Start of Block

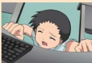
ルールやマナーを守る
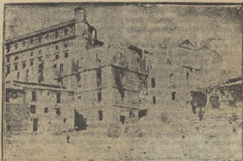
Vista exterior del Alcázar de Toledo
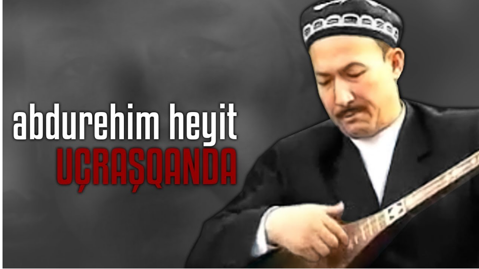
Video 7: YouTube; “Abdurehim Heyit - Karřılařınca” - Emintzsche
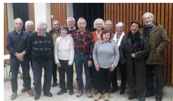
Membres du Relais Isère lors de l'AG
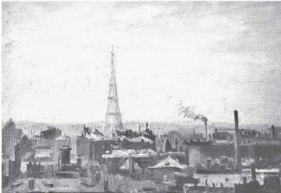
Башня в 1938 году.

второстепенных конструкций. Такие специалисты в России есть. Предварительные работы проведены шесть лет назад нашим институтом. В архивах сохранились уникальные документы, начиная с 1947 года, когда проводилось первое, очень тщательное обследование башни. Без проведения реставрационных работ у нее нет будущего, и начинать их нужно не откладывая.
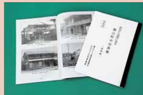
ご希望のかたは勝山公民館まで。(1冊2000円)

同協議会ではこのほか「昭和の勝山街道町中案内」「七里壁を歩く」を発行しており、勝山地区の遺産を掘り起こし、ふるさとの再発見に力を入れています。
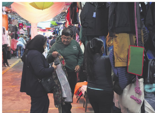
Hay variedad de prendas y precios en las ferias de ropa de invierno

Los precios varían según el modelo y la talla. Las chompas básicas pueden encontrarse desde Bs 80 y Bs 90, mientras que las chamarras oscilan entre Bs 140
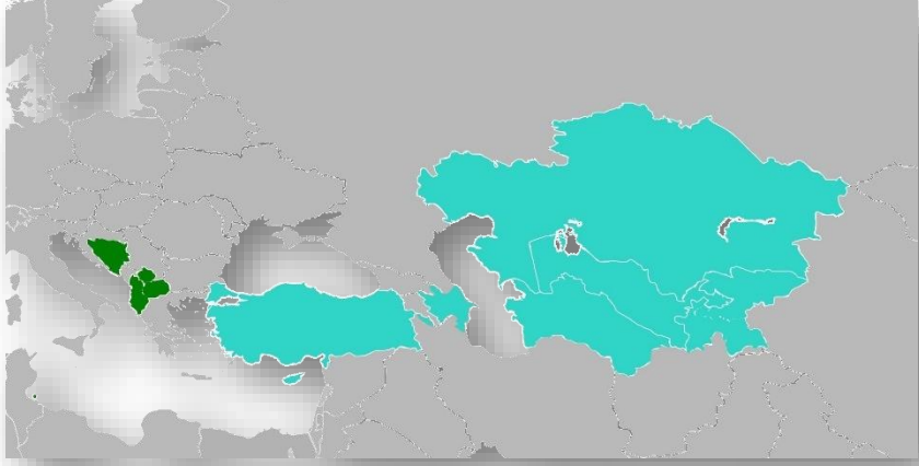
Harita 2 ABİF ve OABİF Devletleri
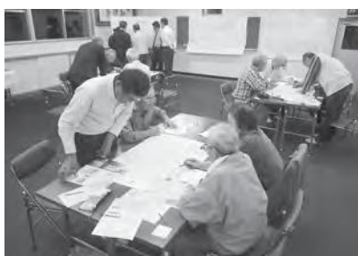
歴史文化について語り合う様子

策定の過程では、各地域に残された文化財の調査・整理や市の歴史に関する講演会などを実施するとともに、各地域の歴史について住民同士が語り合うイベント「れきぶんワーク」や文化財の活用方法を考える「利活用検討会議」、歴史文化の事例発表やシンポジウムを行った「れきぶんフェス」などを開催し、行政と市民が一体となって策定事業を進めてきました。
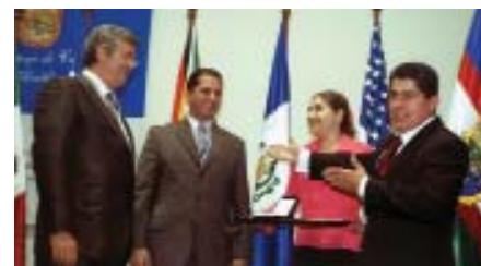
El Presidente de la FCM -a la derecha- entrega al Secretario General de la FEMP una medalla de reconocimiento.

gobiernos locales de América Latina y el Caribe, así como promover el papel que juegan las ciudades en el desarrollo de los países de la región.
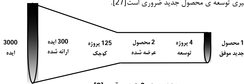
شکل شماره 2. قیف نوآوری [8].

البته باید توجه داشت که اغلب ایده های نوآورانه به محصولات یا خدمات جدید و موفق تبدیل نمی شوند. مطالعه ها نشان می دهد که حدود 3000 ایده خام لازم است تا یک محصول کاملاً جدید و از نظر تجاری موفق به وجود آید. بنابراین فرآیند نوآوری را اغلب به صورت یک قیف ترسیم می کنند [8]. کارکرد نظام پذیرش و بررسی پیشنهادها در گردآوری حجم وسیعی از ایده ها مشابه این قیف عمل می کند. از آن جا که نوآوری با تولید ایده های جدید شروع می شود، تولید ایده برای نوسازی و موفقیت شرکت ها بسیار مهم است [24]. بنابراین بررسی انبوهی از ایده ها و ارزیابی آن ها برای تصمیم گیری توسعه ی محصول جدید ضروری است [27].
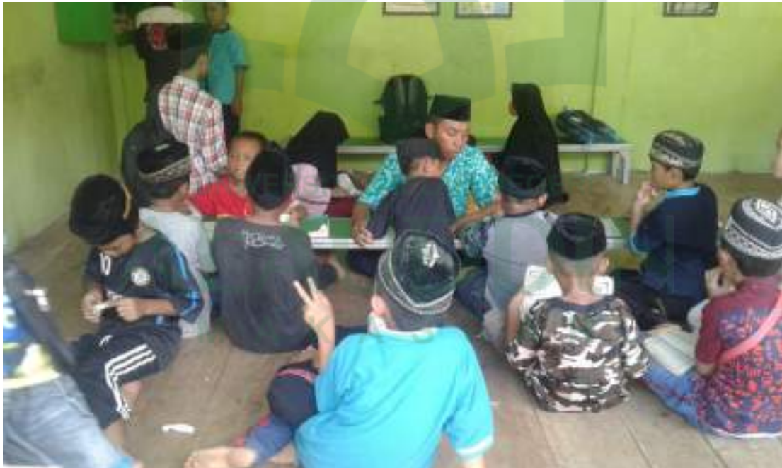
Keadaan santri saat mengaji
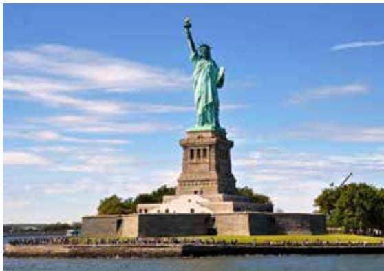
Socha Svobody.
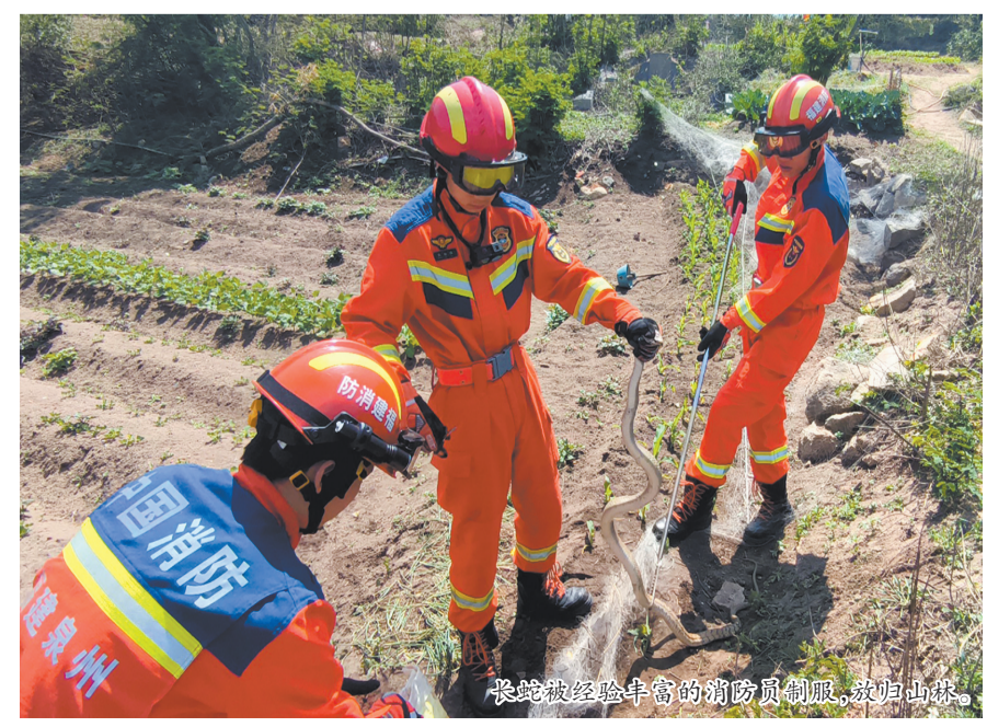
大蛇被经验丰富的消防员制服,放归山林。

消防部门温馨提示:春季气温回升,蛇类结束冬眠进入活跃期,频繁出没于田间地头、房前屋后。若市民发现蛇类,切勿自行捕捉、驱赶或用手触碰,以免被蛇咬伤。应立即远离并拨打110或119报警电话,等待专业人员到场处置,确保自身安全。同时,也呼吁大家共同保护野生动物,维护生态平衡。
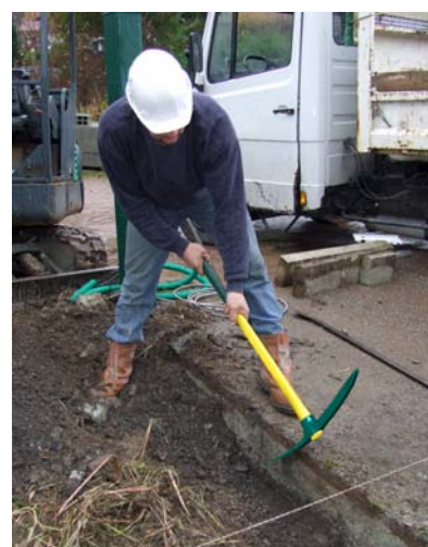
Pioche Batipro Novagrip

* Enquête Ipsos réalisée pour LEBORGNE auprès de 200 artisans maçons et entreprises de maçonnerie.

End of Block
Start of Block

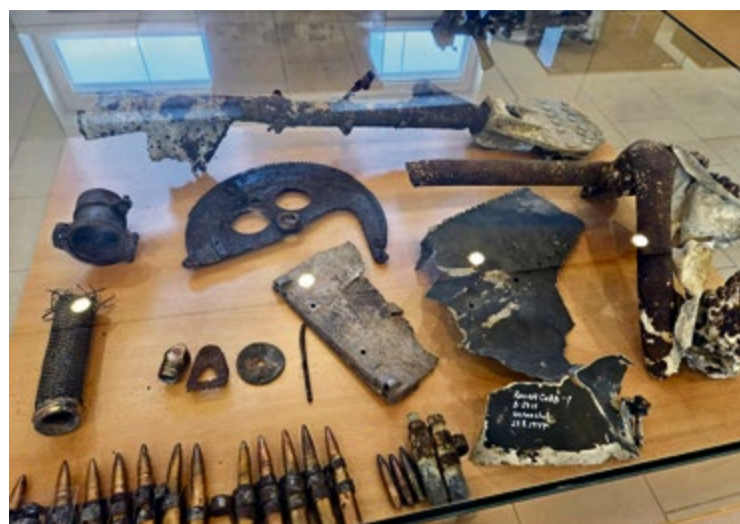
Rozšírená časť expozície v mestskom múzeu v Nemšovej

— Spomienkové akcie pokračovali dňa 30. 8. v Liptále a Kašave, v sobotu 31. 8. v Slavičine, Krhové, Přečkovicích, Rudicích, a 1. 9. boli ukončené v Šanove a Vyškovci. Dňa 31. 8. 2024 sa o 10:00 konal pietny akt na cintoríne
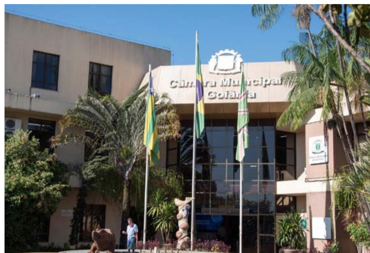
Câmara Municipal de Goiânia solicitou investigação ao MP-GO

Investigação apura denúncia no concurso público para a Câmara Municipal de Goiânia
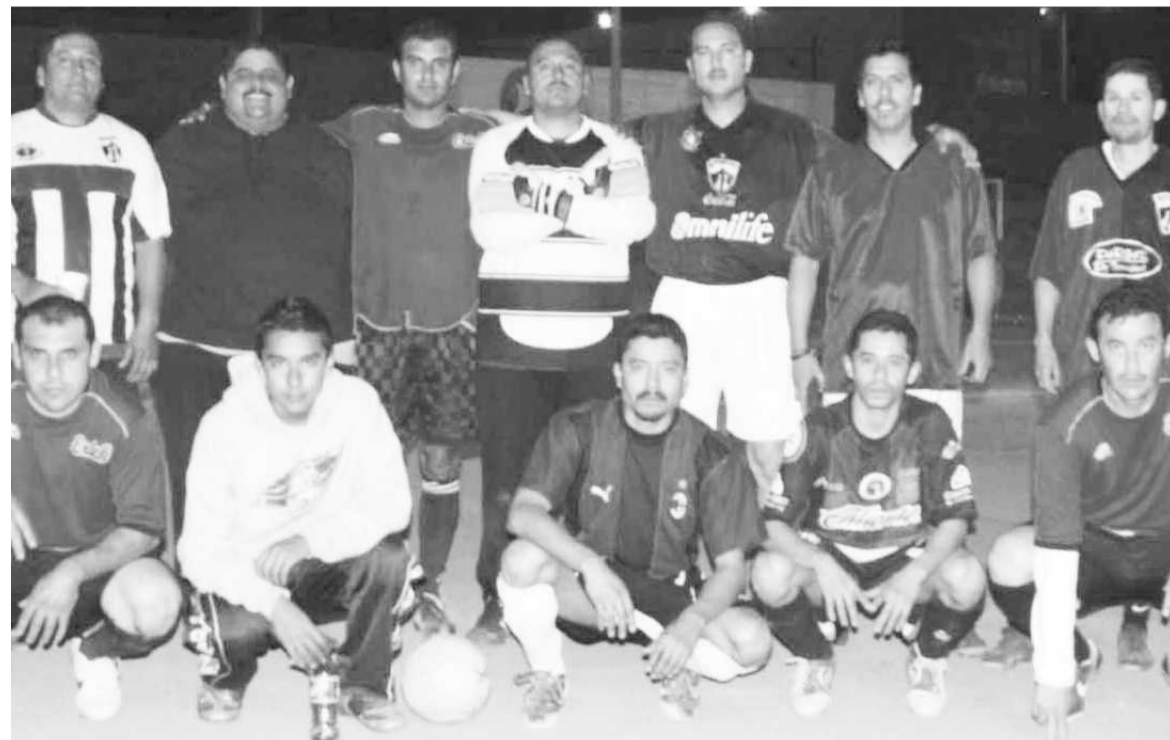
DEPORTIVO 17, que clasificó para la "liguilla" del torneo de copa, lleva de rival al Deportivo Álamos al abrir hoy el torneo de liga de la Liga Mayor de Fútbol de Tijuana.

End of Block
Start of Block

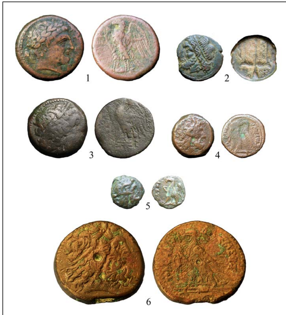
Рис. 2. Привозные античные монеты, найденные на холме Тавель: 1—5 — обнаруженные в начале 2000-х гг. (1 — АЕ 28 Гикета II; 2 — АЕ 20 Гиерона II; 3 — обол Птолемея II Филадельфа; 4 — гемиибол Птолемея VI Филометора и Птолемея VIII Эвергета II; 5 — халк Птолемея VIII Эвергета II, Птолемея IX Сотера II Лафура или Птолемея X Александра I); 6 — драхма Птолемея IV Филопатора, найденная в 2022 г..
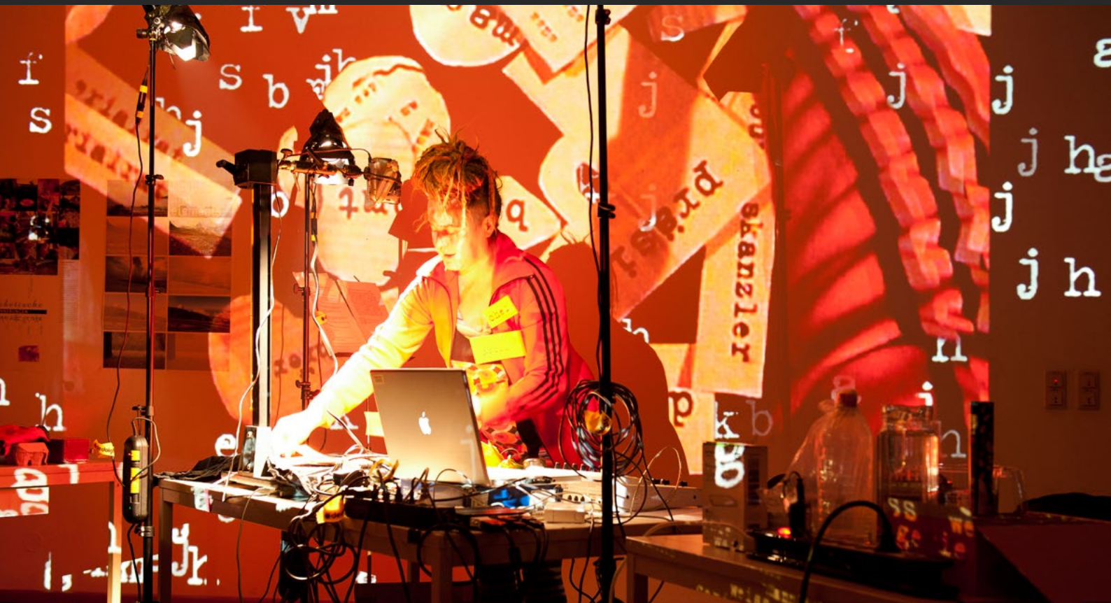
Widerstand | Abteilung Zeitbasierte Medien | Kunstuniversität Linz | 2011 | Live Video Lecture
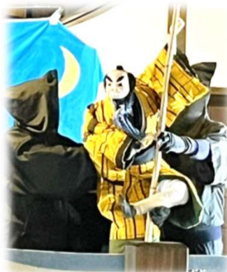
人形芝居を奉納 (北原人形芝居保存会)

End of Block

Look above for the line with "Membres du Relais Isère lors de l'AG" and the line with "同協議会ではこのほか「昭和の", then copy them and all lines in between exactly as written, and only those, without any pictures.

▶ **YOUR RESPONSE**:
Membres du Relais Isère lors de l'AG
Башня в 1938 году.

второстепенных конструкций. Такие специалисты в России есть. Предварительные работы проведены шесть лет назад нашим институтом. В архивах сохранились уникальные документы, начиная с 1947 года, когда проводилось первое, очень тщательное обследование башни. Без проведения реставрационных работ у нее нет будущего, и начинать их нужно не откладывая.
ご希望のかたは勝山公民館まで。(1冊2000円)

同協議会ではこのほか「昭和の勝山街道町中案内」「七里壁を歩く」を発行しており、勝山地区の遺産を掘り起こし、ふるさとの再発見に力を入れています。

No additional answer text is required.